---------- Source data ----------

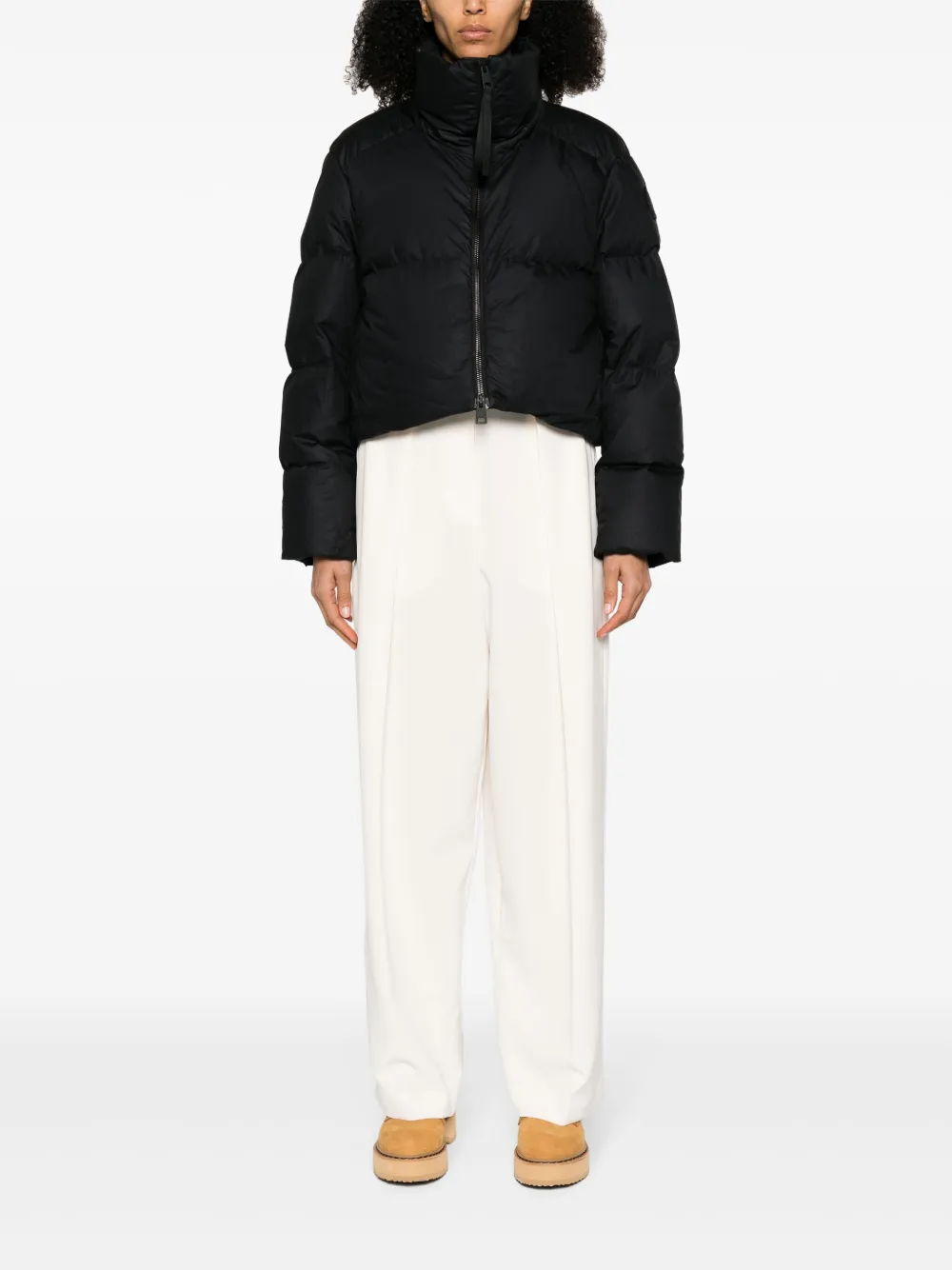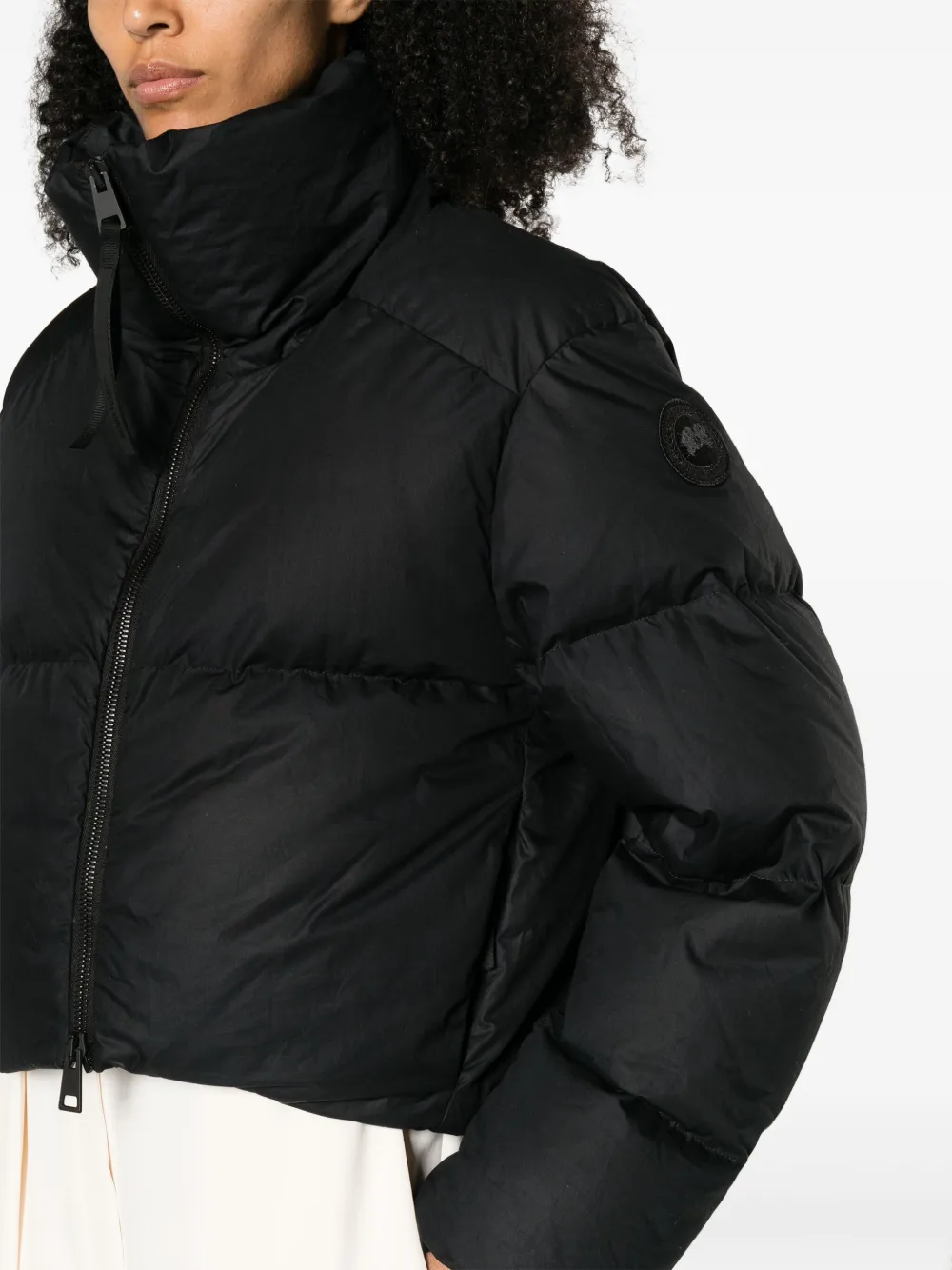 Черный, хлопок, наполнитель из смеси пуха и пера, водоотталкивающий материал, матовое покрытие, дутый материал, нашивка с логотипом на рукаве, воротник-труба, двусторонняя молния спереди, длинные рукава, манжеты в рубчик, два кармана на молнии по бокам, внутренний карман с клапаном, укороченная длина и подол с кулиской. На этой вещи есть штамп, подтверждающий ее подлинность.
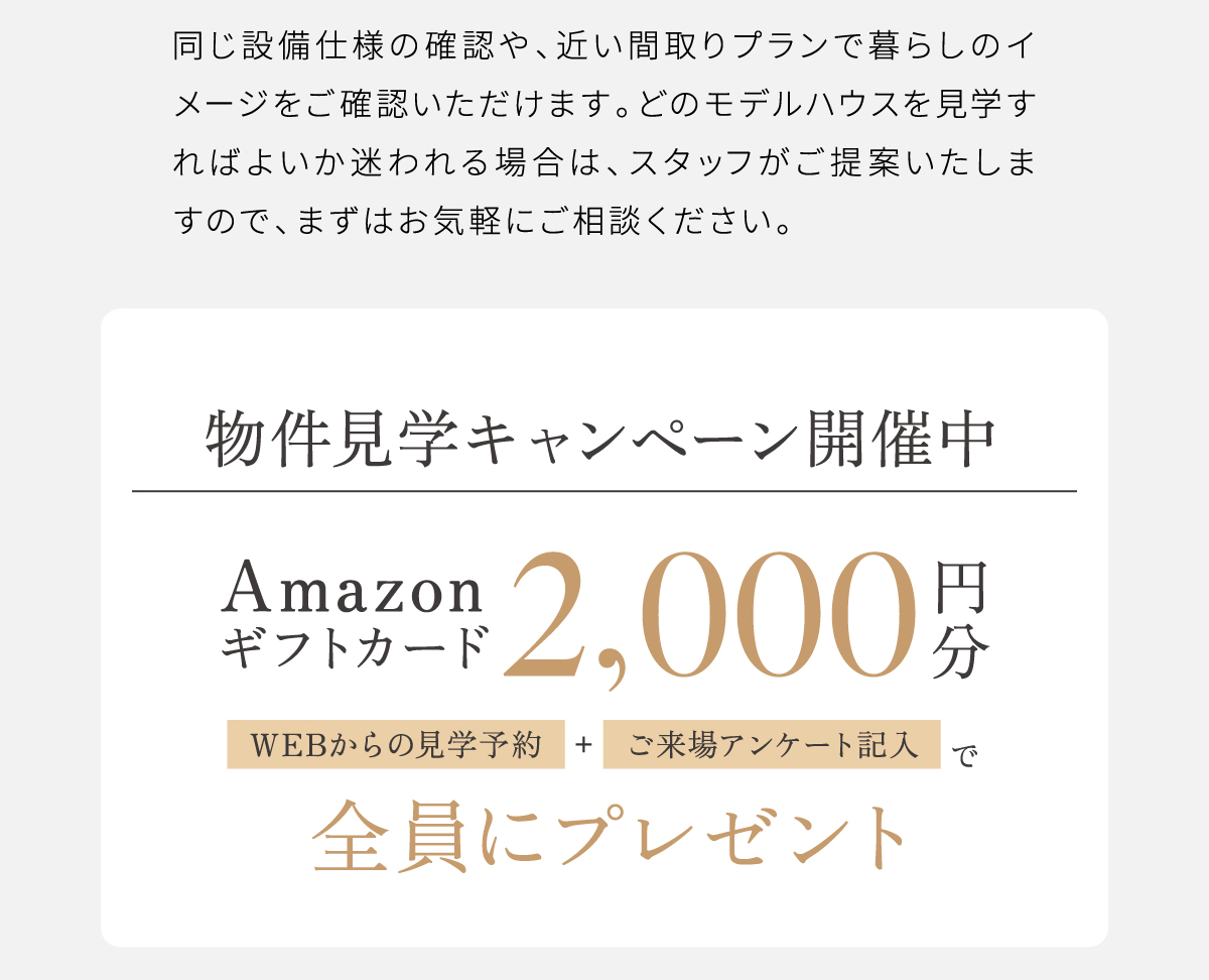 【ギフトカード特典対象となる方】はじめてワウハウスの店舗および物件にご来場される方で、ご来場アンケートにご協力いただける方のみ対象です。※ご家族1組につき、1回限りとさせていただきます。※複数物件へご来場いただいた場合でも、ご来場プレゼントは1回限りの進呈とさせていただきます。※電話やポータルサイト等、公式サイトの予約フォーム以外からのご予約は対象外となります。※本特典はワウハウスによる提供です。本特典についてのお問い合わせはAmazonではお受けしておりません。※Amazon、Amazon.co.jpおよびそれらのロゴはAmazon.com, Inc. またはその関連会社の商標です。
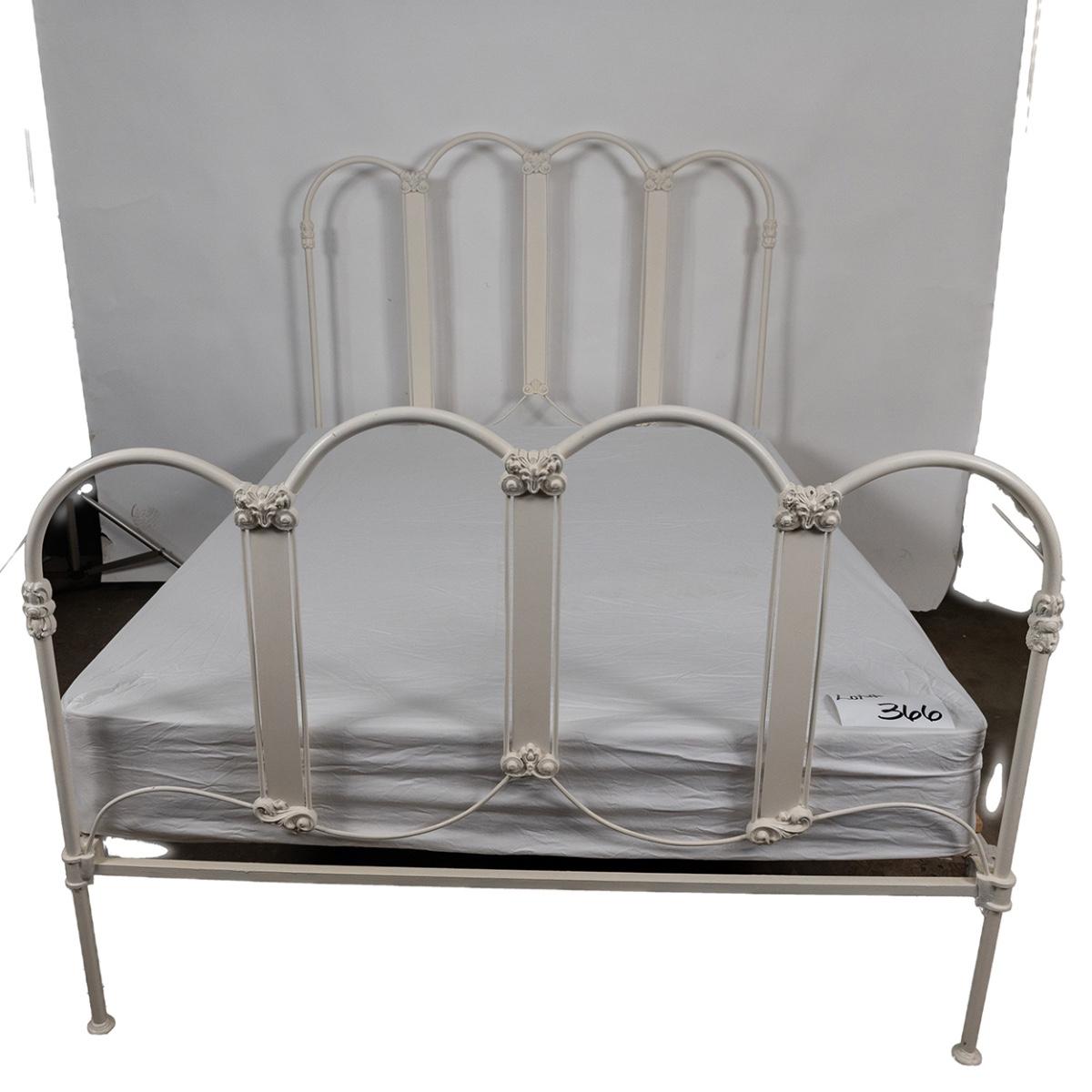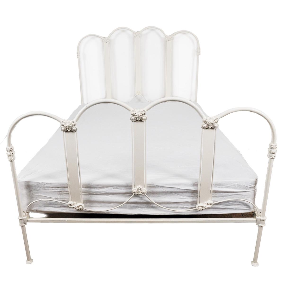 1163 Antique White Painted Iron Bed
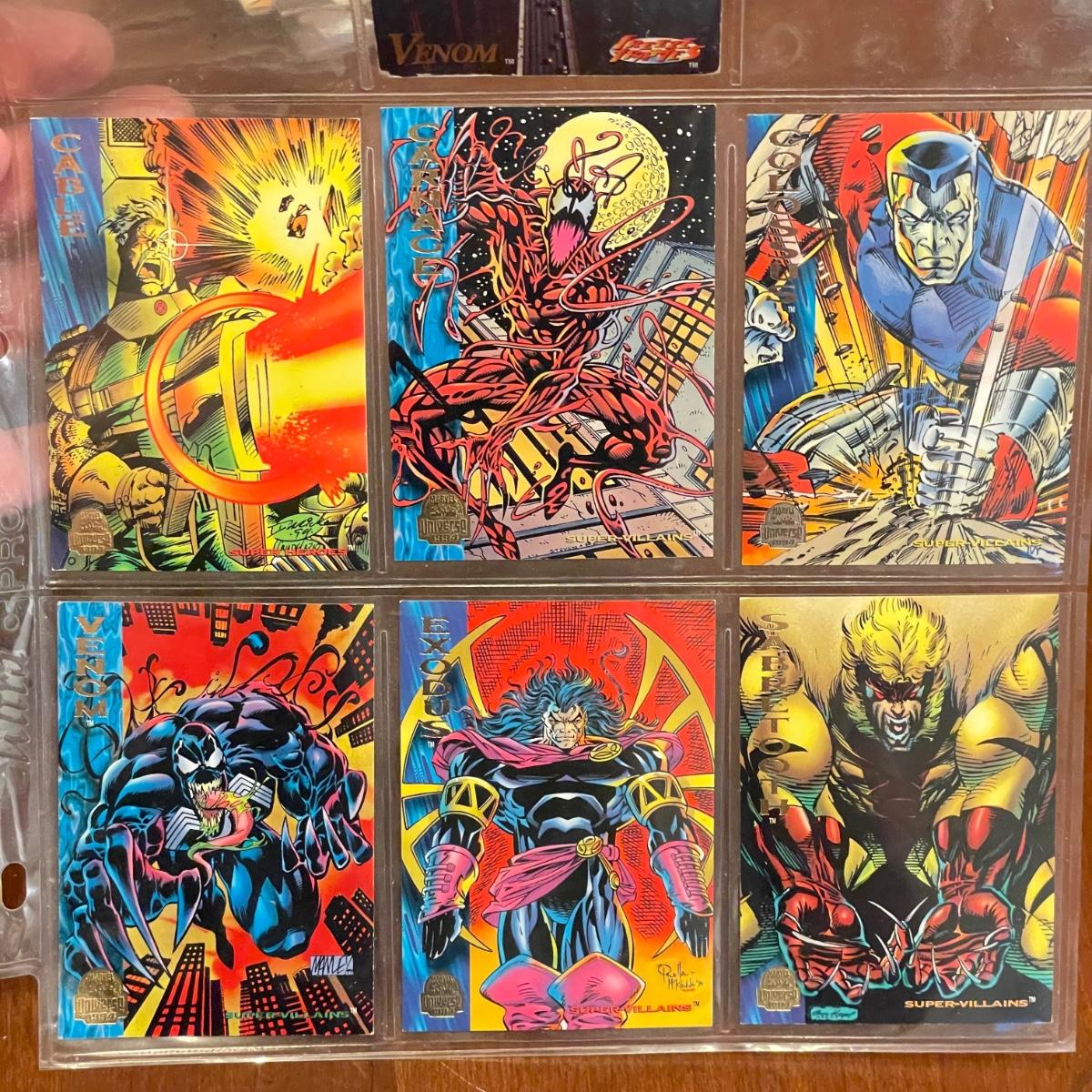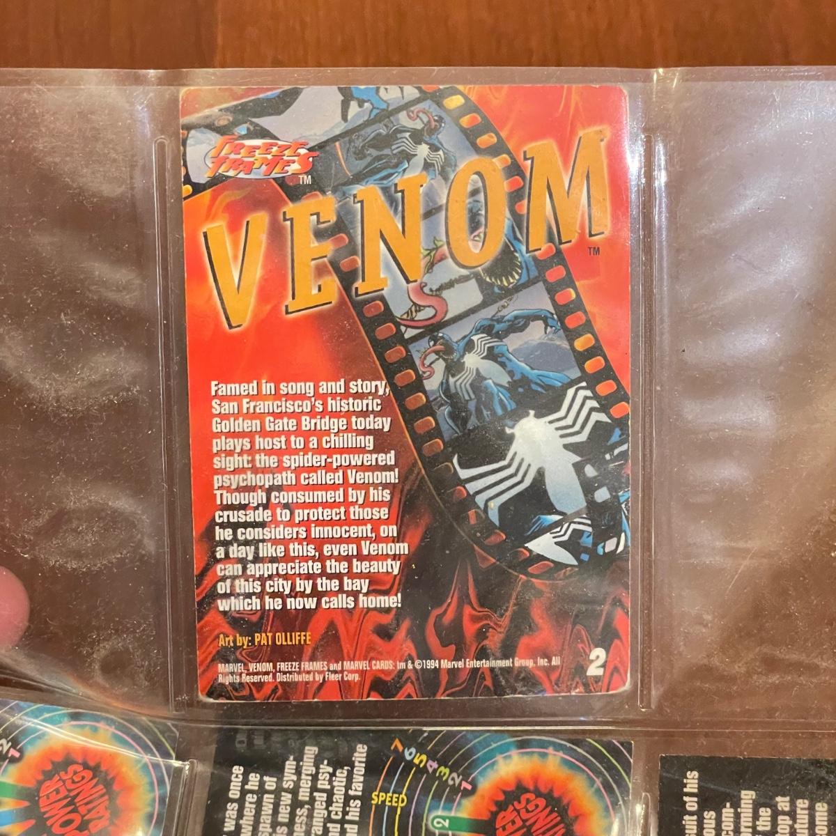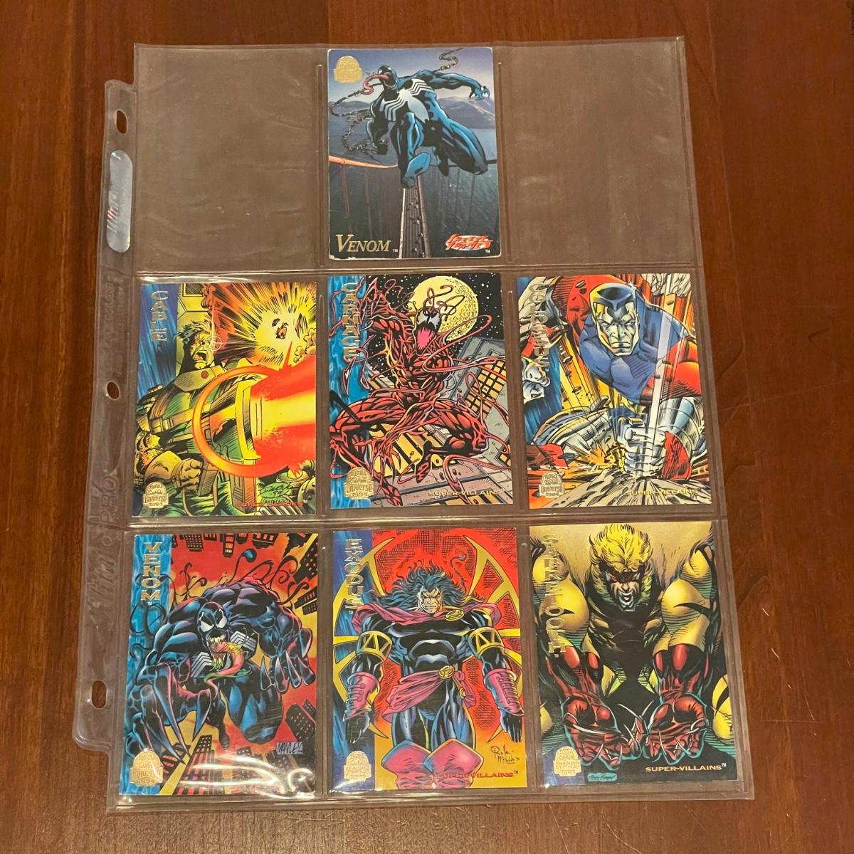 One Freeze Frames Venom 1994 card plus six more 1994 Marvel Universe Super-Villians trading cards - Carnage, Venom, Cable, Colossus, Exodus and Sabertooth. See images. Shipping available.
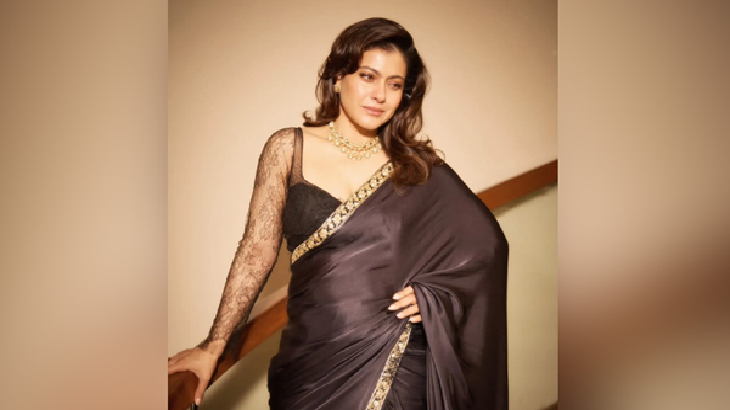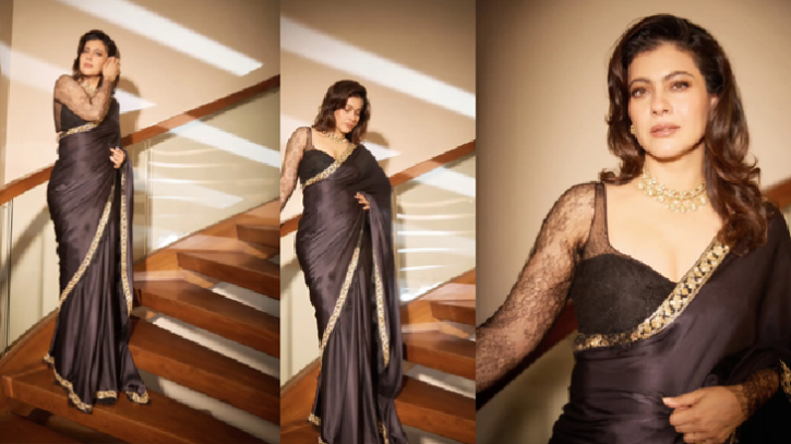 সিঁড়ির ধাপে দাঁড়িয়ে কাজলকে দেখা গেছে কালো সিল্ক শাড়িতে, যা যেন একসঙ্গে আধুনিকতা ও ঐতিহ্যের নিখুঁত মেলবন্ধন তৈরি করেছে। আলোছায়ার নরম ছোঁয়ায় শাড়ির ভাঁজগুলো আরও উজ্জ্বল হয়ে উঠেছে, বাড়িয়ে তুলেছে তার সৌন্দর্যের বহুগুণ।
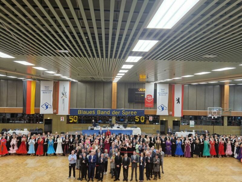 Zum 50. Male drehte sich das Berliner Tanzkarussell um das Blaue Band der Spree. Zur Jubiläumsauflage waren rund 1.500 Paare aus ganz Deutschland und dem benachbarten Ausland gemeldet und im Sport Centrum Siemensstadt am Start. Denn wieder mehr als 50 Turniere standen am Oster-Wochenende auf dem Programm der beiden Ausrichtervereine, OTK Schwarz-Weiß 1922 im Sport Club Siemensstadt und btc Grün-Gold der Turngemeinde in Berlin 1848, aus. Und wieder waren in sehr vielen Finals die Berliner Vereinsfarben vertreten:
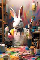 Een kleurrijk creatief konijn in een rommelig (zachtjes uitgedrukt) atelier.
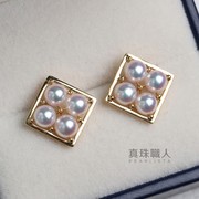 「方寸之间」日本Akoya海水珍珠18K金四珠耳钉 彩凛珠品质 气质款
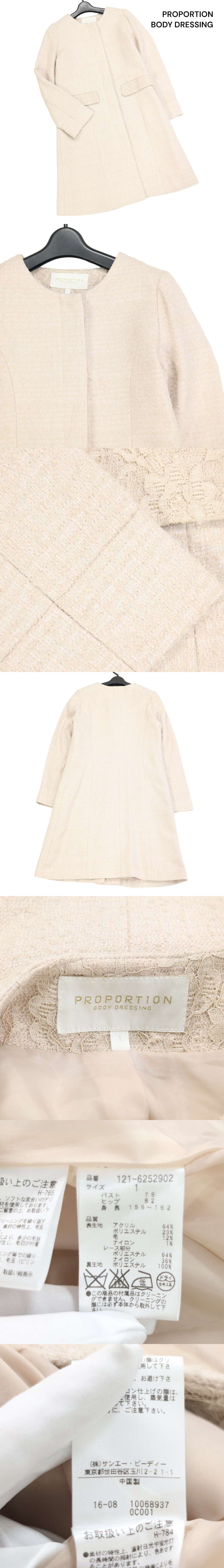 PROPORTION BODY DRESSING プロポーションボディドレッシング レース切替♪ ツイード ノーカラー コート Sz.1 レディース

----------

- [Description of the task]
Without copying any picture, write out the entries exactly.

- [Result for this exercise]
 Черный, хлопок, наполнитель из смеси пуха и пера, водоотталкивающий материал, матовое покрытие, дутый материал, нашивка с логотипом на рукаве, воротник-труба, двусторонняя молния спереди, длинные рукава, манжеты в рубчик, два кармана на молнии по бокам, внутренний карман с клапаном, укороченная длина и подол с кулиской. На этой вещи есть штамп, подтверждающий ее подлинность.
 【ギフトカード特典対象となる方】はじめてワウハウスの店舗および物件にご来場される方で、ご来場アンケートにご協力いただける方のみ対象です。※ご家族1組につき、1回限りとさせていただきます。※複数物件へご来場いただいた場合でも、ご来場プレゼントは1回限りの進呈とさせていただきます。※電話やポータルサイト等、公式サイトの予約フォーム以外からのご予約は対象外となります。※本特典はワウハウスによる提供です。本特典についてのお問い合わせはAmazonではお受けしておりません。※Amazon、Amazon.co.jpおよびそれらのロゴはAmazon.com, Inc. またはその関連会社の商標です。
 1163 Antique White Painted Iron Bed
 One Freeze Frames Venom 1994 card plus six more 1994 Marvel Universe Super-Villians trading cards - Carnage, Venom, Cable, Colossus, Exodus and Sabertooth. See images. Shipping available.
 সিঁড়ির ধাপে দাঁড়িয়ে কাজলকে দেখা গেছে কালো সিল্ক শাড়িতে, যা যেন একসঙ্গে আধুনিকতা ও ঐতিহ্যের নিখুঁত মেলবন্ধন তৈরি করেছে। আলোছায়ার নরম ছোঁয়ায় শাড়ির ভাঁজগুলো আরও উজ্জ্বল হয়ে উঠেছে, বাড়িয়ে তুলেছে তার সৌন্দর্যের বহুগুণ।
 Zum 50. Male drehte sich das Berliner Tanzkarussell um das Blaue Band der Spree. Zur Jubiläumsauflage waren rund 1.500 Paare aus ganz Deutschland und dem benachbarten Ausland gemeldet und im Sport Centrum Siemensstadt am Start. Denn wieder mehr als 50 Turniere standen am Oster-Wochenende auf dem Programm der beiden Ausrichtervereine, OTK Schwarz-Weiß 1922 im Sport Club Siemensstadt und btc Grün-Gold der Turngemeinde in Berlin 1848, aus. Und wieder waren in sehr vielen Finals die Berliner Vereinsfarben vertreten:
 Een kleurrijk creatief konijn in een rommelig (zachtjes uitgedrukt) atelier.
 「方寸之间」日本Akoya海水珍珠18K金四珠耳钉 彩凛珠品质 气质款
 PROPORTION BODY DRESSING プロポーションボディドレッシング レース切替♪ ツイード ノーカラー コート Sz.1 レディース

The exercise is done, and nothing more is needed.